With gasoline prices at more than $2 a gallon this summer, there is at least one bit of good news for drivers: the cost of auto insurance is starting to fall. State Farm, the nation's largest insurer, and two other big auto insurers, USAA and the Farmers Insurance Group, are cutting prices in many states and dozens of other insurers across the country are following their lead, industry experts say.
"Millions of drivers are going to see the cost of auto insurance fall this year," said Robert P. Hartwig, the chief economist of the Insurance Information Institute, a trade organization in New York. Rather than announcing across-the-board rate decreases, insurers including giants like Allstate, Progressive and Geico are more aggressively offering lower prices to customers with good driving records and significantly raising prices for those who have been involved in crashes or have received tickets for speeding and other violations. Since most drivers fall into favorably rated categories, the net result is expected to be lower costs for millions of drivers.
"Many of the national players are strategically reducing rates," said Anthony Diodato, a supervisor of analysts at A. M. Best, a source of data on insurance.

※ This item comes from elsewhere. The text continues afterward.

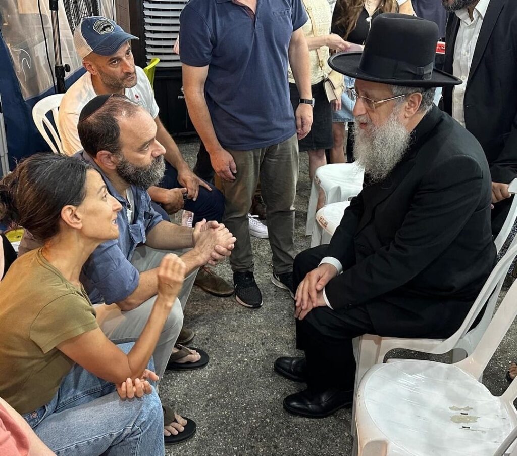 Rav Dovid Yosef speaks to the parents of murdered hostage Hersh Goldberg-Polin as they sit Shiva.
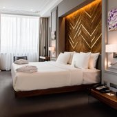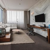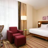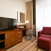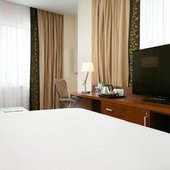 Вас ожидают просторные и светлые номера, в каждом из которых имеется удобная кровать, рабочий стол, кондиционер, телевизор со спутниковым TV, ванной комнатой со всеми необходимыми удобствами.

Over all, the average cost of insurance is still increasing, albeit at a much lower rate: instead of last year's average rise of 7.8 percent, prices for auto coverage across the country are expected to increase by 3.5 percent, according to the Insurance Information Institute. The rate reductions are expected to apply to all categories of passenger vehicles, from tiny compacts to monster S.U.V.'s, and should be felt across the country over the next 12 months.